Data excerpts:
--------
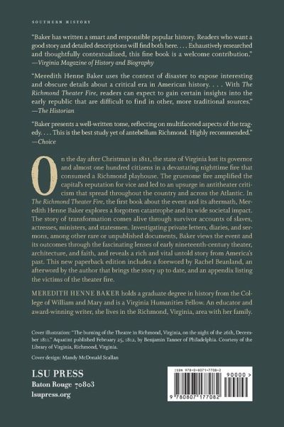 On the day after Christmas in 1811, the state of Virginia lost its governor and almost one hundred citizens in a devastating nighttime fire that consumed a Richmond playhouse. During the second act of a melodramatic tale of bandits, ghosts, and murder, a small fire kindled behind the backdrop. Within minutes, it raced to the ceiling timbers and enveloped the audience in flames. The tragic Richmond Theater fire would inspire a national commemoration and become its generation's defining disaster. A vibrant and bustling city, Richmond was synonymous with horse races, gambling, and frivolity. The gruesome fire amplified the capital's reputation for vice and led to an upsurge in antitheater criticism that spread throughout the country and across the Atlantic. Clerics in both America and abroad urged national repentance and denounced the stage, a sentiment that nearly destroyed theatrical entertainment in Richmond for decades. Local churches, by contrast, experienced a rise in attendance and became increasingly evangelical. In The Richmond Theater Fire, the first book about the event and its aftermath, Meredith Henne Baker explores a forgotten catastrophe and its wide societal impact. The story of transformation comes alive through survivor accounts of slaves, actresses, ministers, and statesmen. Investigating private letters, diaries, and sermons, among other rare or unpublished documents, Baker views the event and its outcomes through the fascinating lenses of early nineteenth-century theater, architecture, and faith, and reveals a rich and vital untold story from America's past.
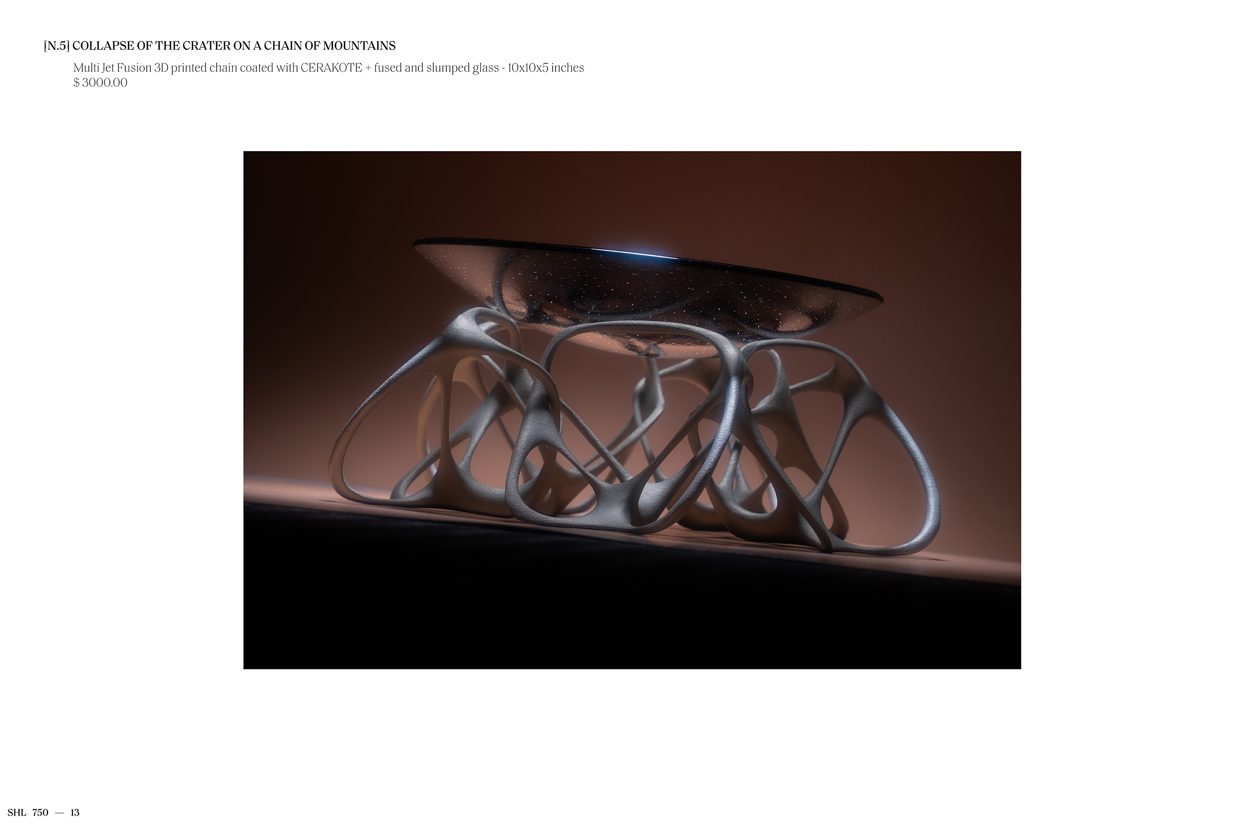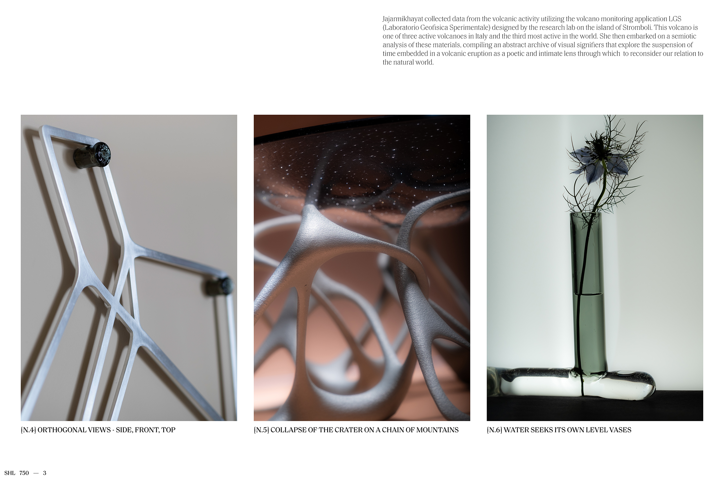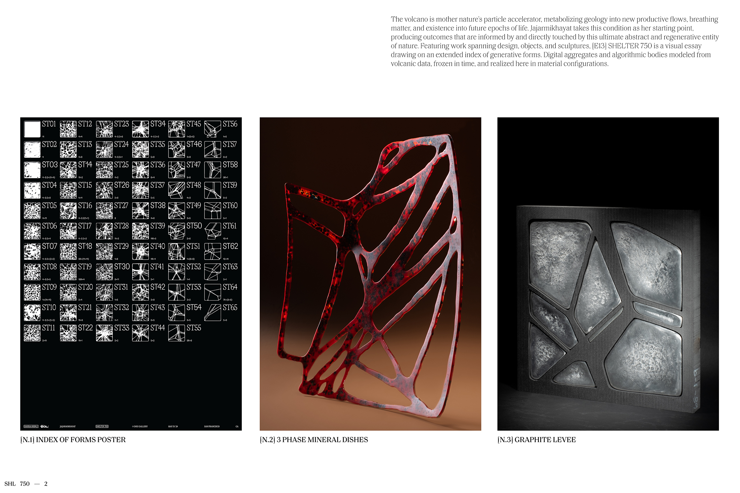 Featuring work spanning design, objects, and sculptures, [E13] SHELTER 750 is a visual essay drawing on an extended index of generative forms. Digital aggregates and algorithmic bodies modeled from volcanic data, frozen in time, and realized here in material configurations.
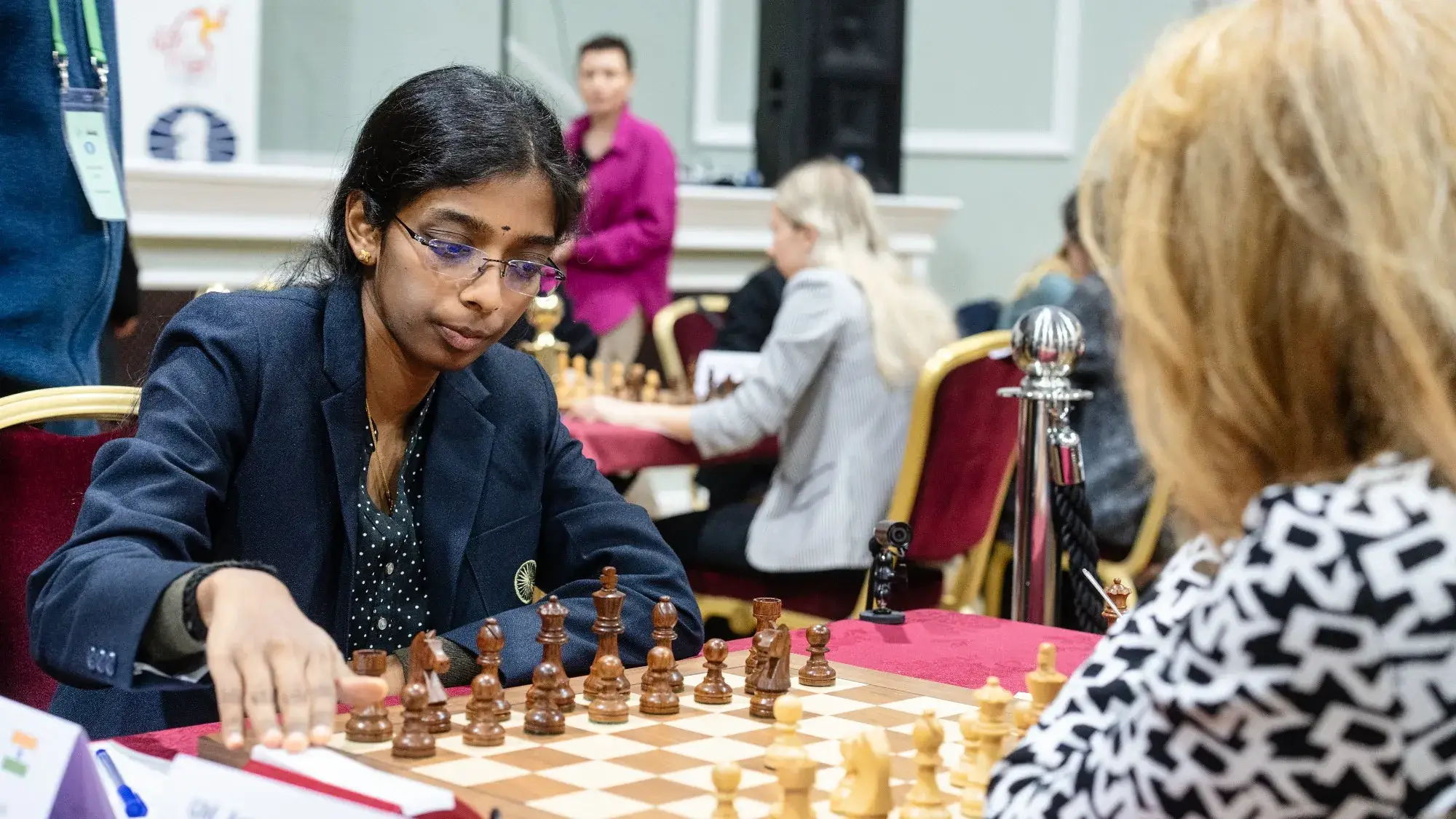Vaishali crushes Stefanova to take sole lead | Image: ChessbaseIndia/X
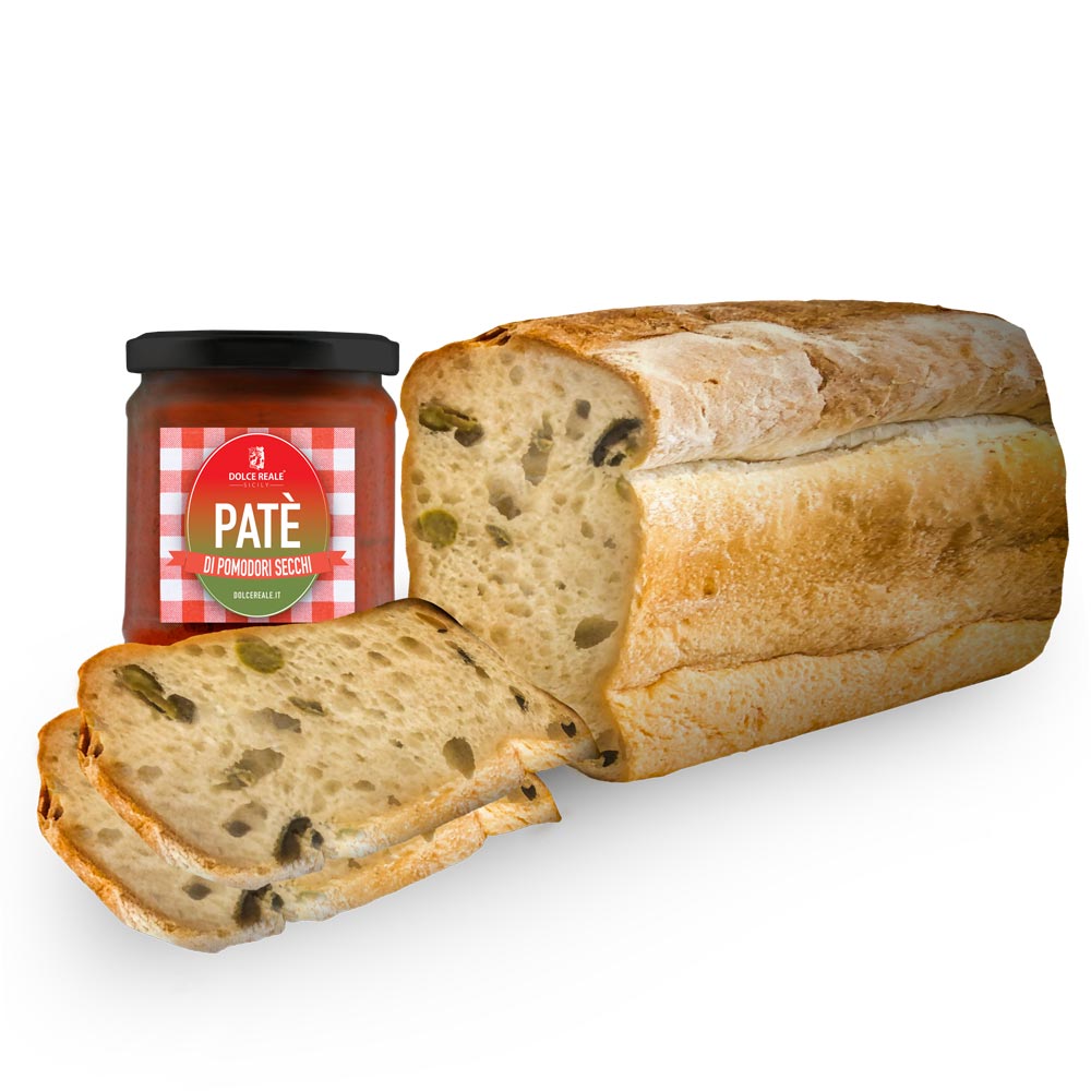Prodotto da forno con pomodori secchi e olive verdi da 200g con vasetto di patè di pomodori secchi e pistacchio da 180g.
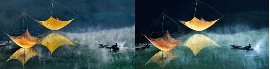 Đó là khoảnh khắc ngư dân bơi xuồng ra thăm vó trong bảng lảng sương sớm. Nhưng rồi giới nhiếp ảnh lại phát hiện tác phẩm này giống đến khoảng 90% so với tác phẩm “Vó đánh cá” của NSNA Lý Hoàng Long, từng đoạt huy chương vàng FIAP cuộc thi ảnh Trophy Gipuzkoa International 2014 tổ chức tại Tây Ban Nha.
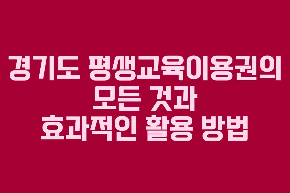 경기도 평생교육이용권은 경기도민이 평생학습을 통해 자기 발전을 도모할 수 있도록 지원하는 제도입니다. 이 글에서는 평생교육이용권의 신청 방법과 활용법을 자세히 알아보겠습니다. 경기도민이라면 이 기회를 통해 다양한 학습 기회를 놓치지 않기를 바랍니다.
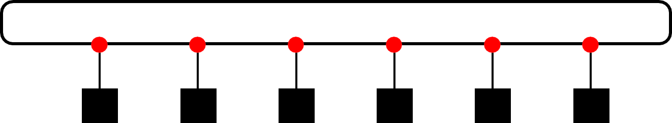 - Nodes (often depicted as black squares) represent processor-memory pairs.
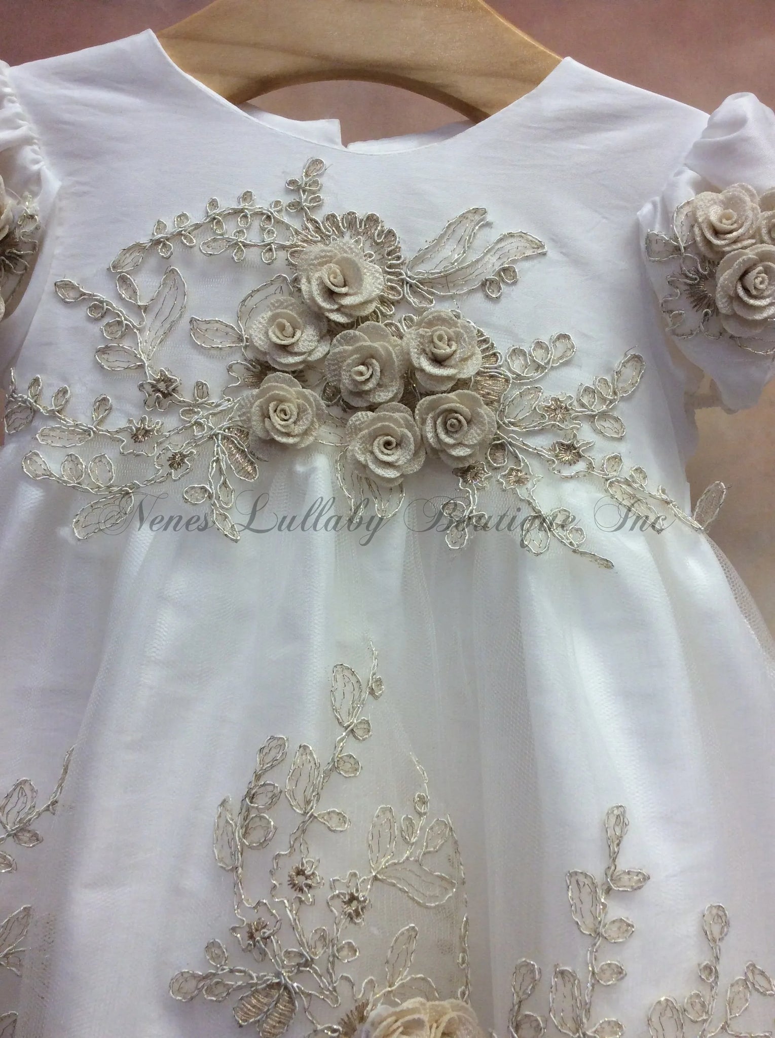 This luxurious Rose258IG_Long Christening Dress is sure to add a touch of elegance to your little one's special day. Crafted from Taffeta, it features a diamond white design with a rolled champagne 3D roses lace overlay, adding a soft touch. Paired with the matching bonnet, your little one will look picture perfect.
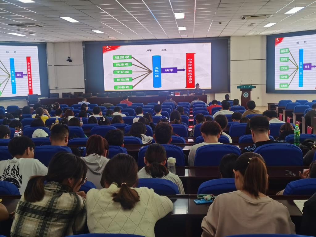 【宁夏大学新闻中心讯 生态环境学院】为深入学习贯彻中央民族工作会议精神,引导师生牢固树立马克思主义“五观”,铸牢中华民族共同体意识,9月22日,生态环境学院特邀人文学院历史系教授白建灵在文荟楼报告厅作《坚定马克思主义“五观”铸牢中华民族共同体意识》专题讲座。学院党委书记杨振东、院长钟艳霞及全体师生参加了报告会。报告会由学院党委副书记虎建华主持。
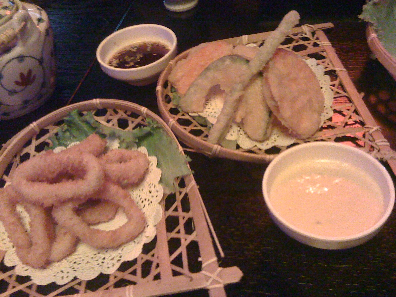 On the right, the mixed tempura vegetables (one each of onion, broccoli, squash, sweet potato, carrot and green bean)($3.95)- it was listed as vegetable pancakes on the menu and was shredded in that photo, but this was fresh vegetables and again, lightly battered and fried properly…not greasy. It was served with the homemade mayonnaise dipping sauce in front. Light and lemony.
--------
Work order: Would you output the lines above from the line holding "- Nodes (often" up to and including the line holding "This luxurious Rose258IG_Long", exactly and only those, with no pictures?

Output of the task:
 - Nodes (often depicted as black squares) represent processor-memory pairs.
 This luxurious Rose258IG_Long Christening Dress is sure to add a touch of elegance to your little one's special day. Crafted from Taffeta, it features a diamond white design with a rolled champagne 3D roses lace overlay, adding a soft touch. Paired with the matching bonnet, your little one will look picture perfect.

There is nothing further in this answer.